→ REQUIREMENT:
With the line containing "[OSEN=고척, 최규한 기자]" as the final line, restate exactly every line of the data below from the first one onward, and copy no pictures.

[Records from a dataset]

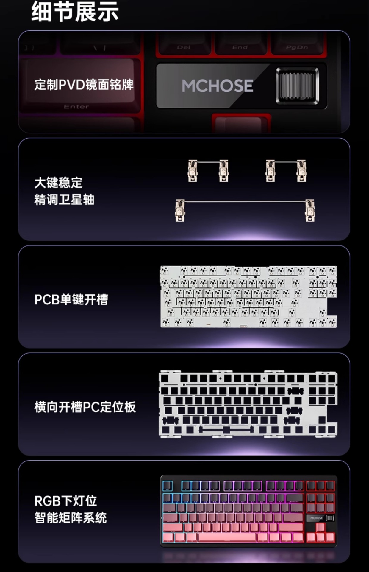 MCHOSE G87 기계식 키보드 측면 각인 맞춤형 무선 3모드 Bluetooth e-스포츠 게임 전용 사무실
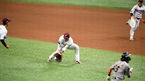 [OSEN=고척, 최규한 기자] 23일 오후 서울 고척 스카이돔에서 '2018 신한은행 MY CAR KBO리그 포스트시즌' 준플레이오프 4차전 넥센 히어로즈와 한화 이글스의 경기가 열렸다.4회말 2사 2, 3루 상황 넥센 김재현을 내야 땅볼로 이끌며 이
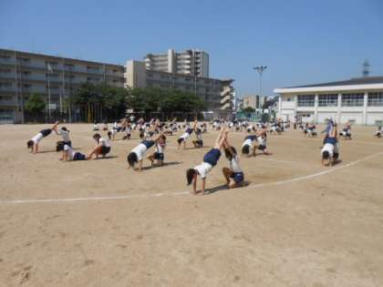 5・6年生が、本日、団体演技(組体操)の運動場デビューをしました。担当の先生の指示で一つ一つの技に挑戦しました。出来栄えは、まだまだこれからですが、回を重ねるごとに種類とボリュームが増してきています。本番まで、けがをしないように全員が助け合ってよりよい演技に仕上げてほしいです。
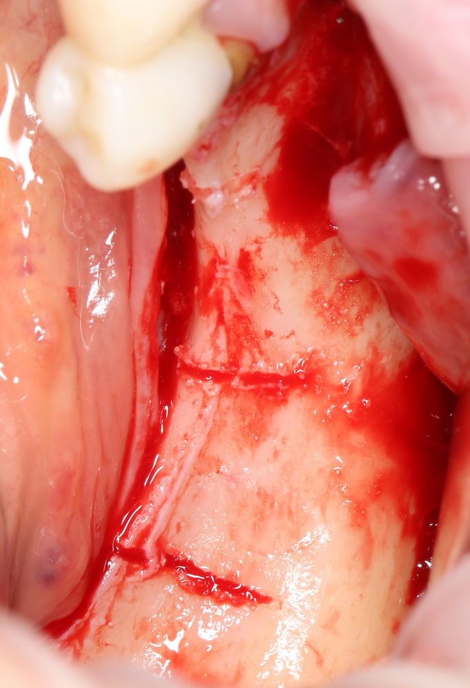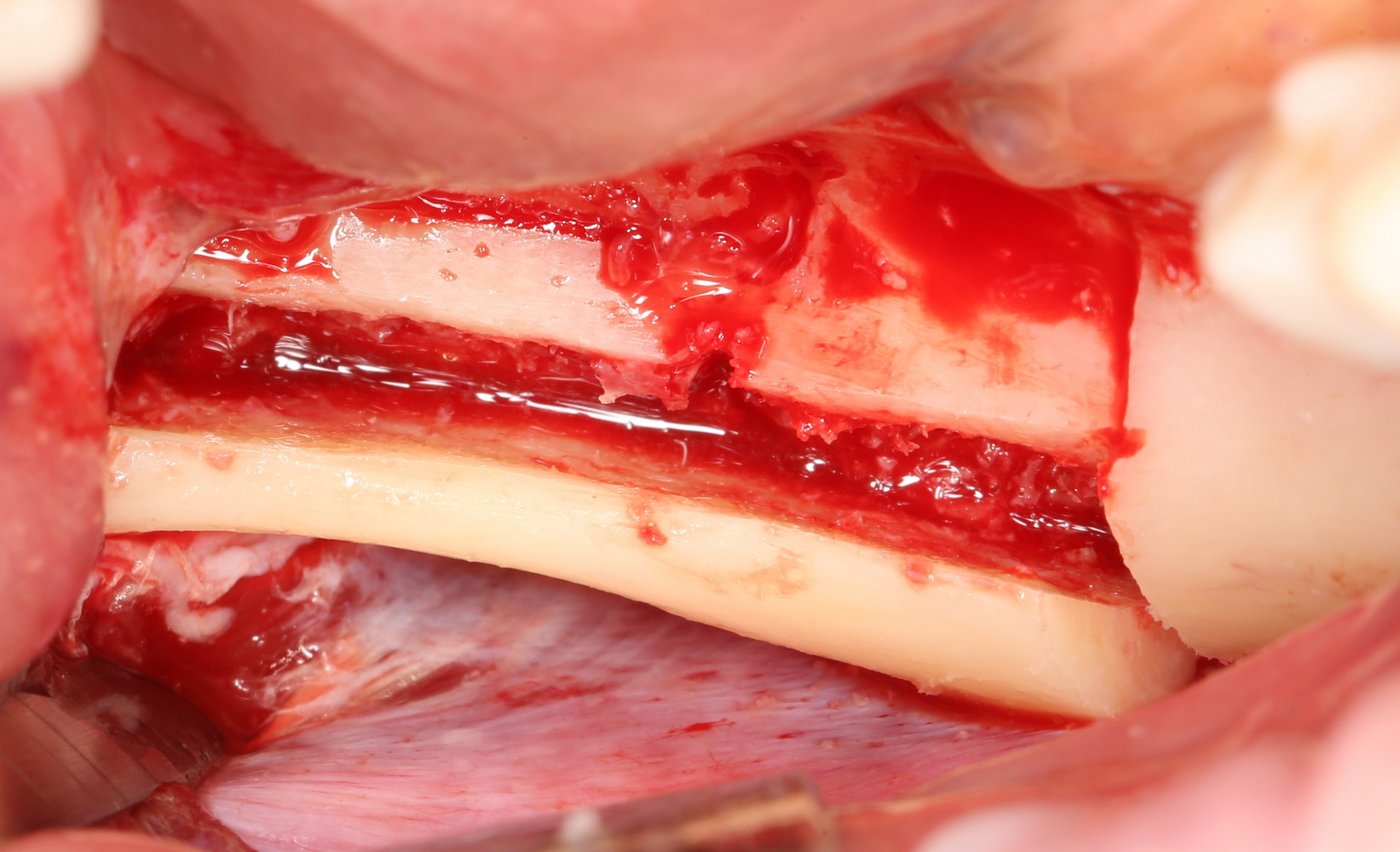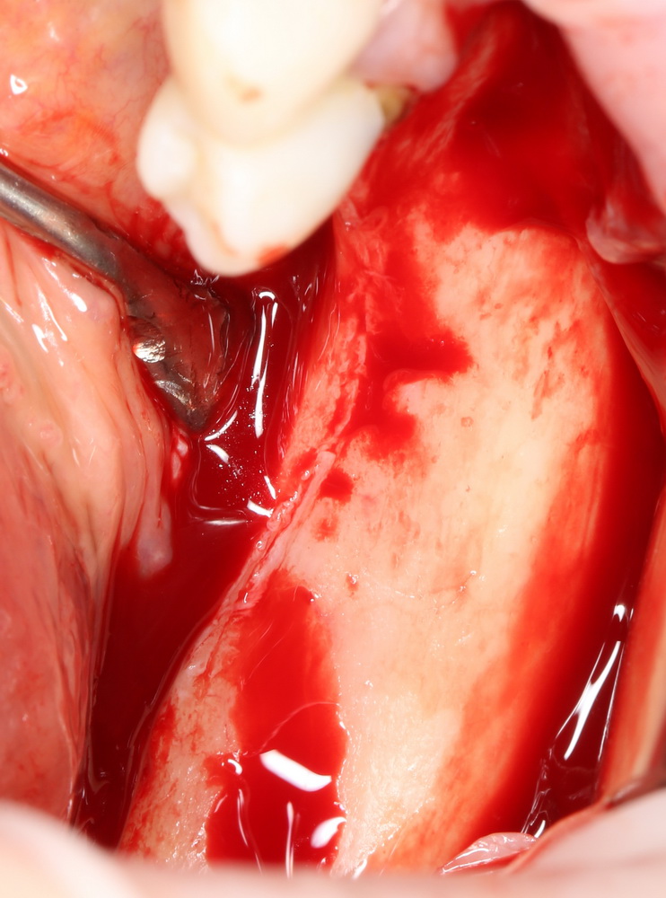 Делаем анестезию, разрез, скелетируем костную ткань:
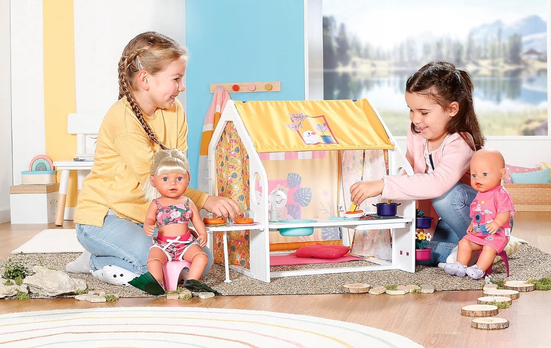 Дом выходного дня, родившийся в детстве, - это интерактивный кукольный домик, который предоставит вашему ребенку много часов удовольствия. Сделанный известным брендом, рожденным ребенком, в доме есть много световых и звуковых эффектов, в том числе раковина с шумом воды, кухонные тарелки, гриль с легкими и посевами, и боковые панели, которые могут быть свободно открыты или закрыты. Обширный набор кемпинга, в том числе 2 стулья, посуду, горшки, крендели и колбасы, предоставит вашему ребенку много удовольствия от куклы
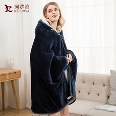 秋冬加厚保暖法兰绒双层懒人披肩毛毯办公室学生午睡斗篷披风毯子
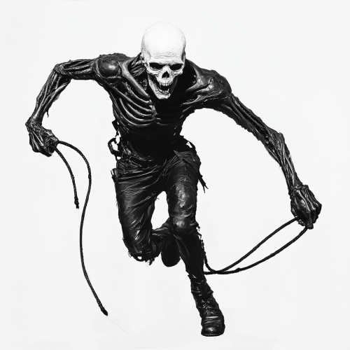 creature, very skinny human body, skullface, is running towards camera, looking angrily, white background, wearing leatherclothing, holding rope in one hand
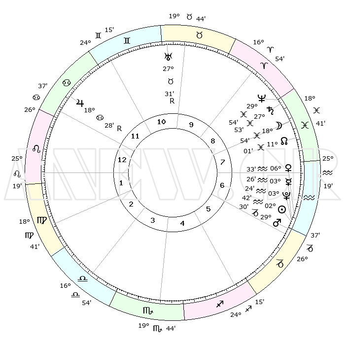 | | ΘΕΣΕΙΣ ΠΛΑΝΗΤΩΝ ΑΣΤΡΟΛΟΓΙΚΟΥ ΧΑΡΤΗ ΤΗΣ ΣΤΙΓΜΗΣ ΑΥΤΗΣ | | | | Πλανήτης | Ζώδιο | Μοίρες | Δεκαήμ. | Σε οίκο | Απόκλιση | | Ακμές των οίκων | | Ηλιος | Υδροχόος | 02°38' | Πρώτο | 6 | 19 S 34 | | 1ος | 04°48' | Λέων | | Σελήνη | Ιχθείς | 17°57' | Δεύτερο | 8 | 04 S 02 | | 2ος | 26°11' | Λέων | | Ερμής | Υδροχόος | 03°18' | Πρώτο | 6 | 21 S 26 | | 3ος | 21°53' | Παρθένος | | Αφροδίτη | Υδροχόος | 06°27' | Πρώτο | 7 | 19 S 48 | | 4ος | 23°28' | Ζυγός | | Αρης | Αιγόκερως | 29°26' | Τρίτο | 6 | 21 S 15 | | 5ος | 29°21' | Σκορπιός | | Δίας | Καρκίνος | 18°28'R | Δεύτερο | 12 | 22 N 27 | | 6ος | 04°17' | Αιγόκερως | | Κρόνος | Ιχθείς | 27°53' | Τρίτο | 9 | 02 S 51 | | 7ος | 04°48' | Υδροχόος | | Ουρανός | Ταύρος | 27°31'R | Τρίτο | 10 | 19 N 25 | | 8ος | 26°11' | Υδροχόος | | Ποσειδώνας | Ιχθείς | 29°54' | Τρίτο | 9 | 01 S 15 | | 9ος | 21°53' | Ιχθείς | | Πλούτωνας | Υδροχόος | 03°24' | Πρώτο | 6 | 23 S 05 | | 10ος | 23°28' | Κριός | | Β. Δεσμός | Ιχθείς | 11°01' | Δεύτερο | 8 | 07 S 26 | | 11ος | 29°21' | Ταύρος | | Ωροσκόπος | Λέων | 04°48' | Πρώτο | | | 12ος | 04°17' | Καρκίνος | | Μεσουράνημα | Κριός | 23°28' | Τρίτο | | | |
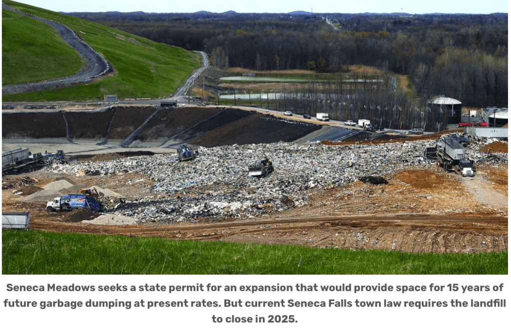 Meanwhile, SMI has applied to the DEC for a permit to expand substantially in spite of a Seneca Falls town law that requires the landfill to close in December 2025.
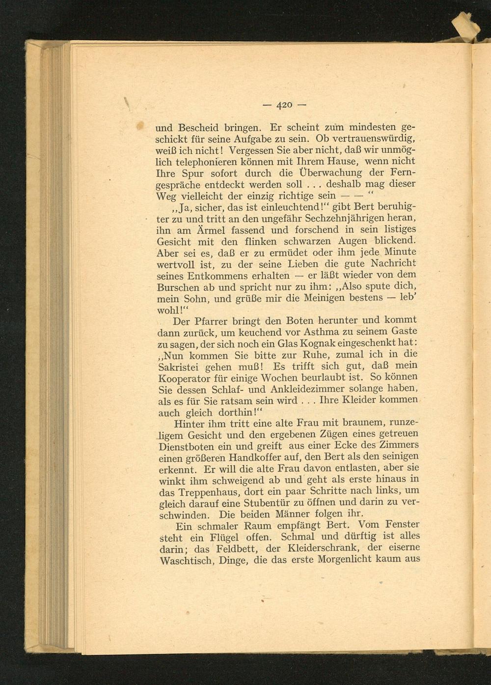 Der Pfarrer bringt den Boten herunter und kommt dann zurück, um keuchend vor Asthma zu seinem Gaste zu sagen, der sich noch ein Glas Kognak eingeschenkt hat: ,, Nun kommen Sie bitte zur Ruhe, zumal ich in die Sakristei gehen muß! Es trifft sich gut, daß mein Kooperator für einige Wochen beurlaubt ist. So können Sie dessen Schlaf- und Ankleidezimmer solange haben, als es für Sie ratsam sein wird... Ihre Kleider kommen auch gleich dorthin!"

→ ANSWER:
 MCHOSE G87 기계식 키보드 측면 각인 맞춤형 무선 3모드 Bluetooth e-스포츠 게임 전용 사무실
 [OSEN=고척, 최규한 기자] 23일 오후 서울 고척 스카이돔에서 '2018 신한은행 MY CAR KBO리그 포스트시즌' 준플레이오프 4차전 넥센 히어로즈와 한화 이글스의 경기가 열렸다.4회말 2사 2, 3루 상황 넥센 김재현을 내야 땅볼로 이끌며 이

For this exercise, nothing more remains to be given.